There are three important aspects, then, of latch contention:
   • No. of different latches are covering the library cache — If number of latches are more, less no. of buckets will be protected by one latch and hence you are less likely to collide with someone who needs to walk a linked list covered by the latch you want; on the other hand, the more latches you have, the more work you may have to do in some form of maintenance, reporting, or garbage collection.
   In  shared pool architecture  there are a fixed number of hash buckets (that grow to the next level as needed) protected by a fixed number of library cache latches .
 Until 10g the number of latches covering the library cache was remarkably small. The number was dependent on the number of CPUs (it’s roughly the same as the cpu_count parameter) up to a maximum of 67 latches. That’s a surprisingly small number, really, given the potential for collisions occurring on even a small number of frequently executed statements; and two processes don’t have to be executing the same SQL, or even accessing the same hash bucket, to be colliding on the same latch—they need only be accessing two hash buckets covered by the same latch.
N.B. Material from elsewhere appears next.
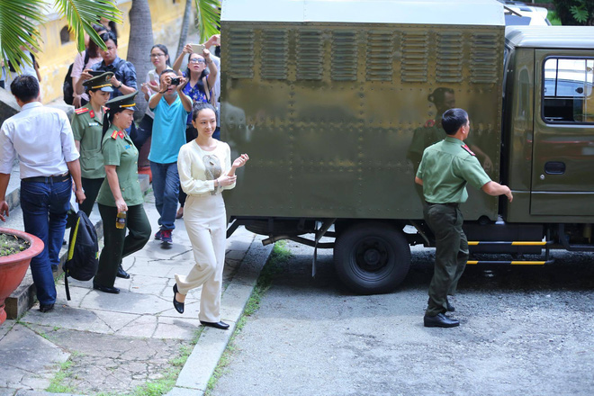 Xuất hiện tại phiên toà, hoa hậu Phương Nga vẫn mặc bộ đồ trong phiên xét xử lần trước. Trước và trong phiên xét xử, cô mỉm cười mỗi khi nhìn người thân.

  • No. of times you need to go through the process of acquiring a given latch —  The more times you have to get the latch and walk the list, the more likely you are to collide with someone who wants the same latch.
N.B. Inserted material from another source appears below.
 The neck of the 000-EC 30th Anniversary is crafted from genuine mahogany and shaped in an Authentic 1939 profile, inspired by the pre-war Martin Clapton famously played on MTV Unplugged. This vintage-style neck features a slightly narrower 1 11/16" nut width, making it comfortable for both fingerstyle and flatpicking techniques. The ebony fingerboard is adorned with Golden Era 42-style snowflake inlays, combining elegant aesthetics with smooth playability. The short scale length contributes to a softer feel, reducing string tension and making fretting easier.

  We can minimize the number of times we have to search the library cache for an object by attaching a KGL lock to an object once we’ve found it so that we have a shortcut to it (Stored in PGA as open/closed cursor). Next time the same statement is issued, we  will find it in the PGA itself and need not search hash chains for the object again (Softer parse).
• Time for which you have to hold the latch - The longer everyone holds latches, the more likely they are to have problems with other people holding latches that they want to acquire.
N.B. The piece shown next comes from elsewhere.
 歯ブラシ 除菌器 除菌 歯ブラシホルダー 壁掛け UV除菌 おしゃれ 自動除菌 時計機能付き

 We ought to avoid holding latches for any length of time. This means that if we need to do something time-consuming when we’ve found the bit of memory we were searching for, we can pin the object  to protect that memory while we’re using it so that we can release the latch.
   So, after the server process has found out the corresponding hash bucket, the steps followed are :
1. Obtain latch on the corresponding hash bucket.
2. Obtain lock on the object so that pointer to the object is placed in the PGA (as Open cursor).
3. Pin the object and release the latch.
4. Do whatever you want to do with the object (e.g. execute a statement/procedure).
5. Obtain the latch, unpin the object and release the latch.
Locks and Pins are usually in share mode unless modifications are being made.
          HOW ARE LIBRARY CACHE LOCKS (KGL LOCKS) OBTAINED?
There are three major ways in which you can obtain KGL locks :
• You can write your front-end code to “hold” cursors that you know you are going to use frequently.
• You can set the session_cached_cursors parameter so that Oracle library code will automatically start holding a cursor if it sees you using a statement more than two or three times.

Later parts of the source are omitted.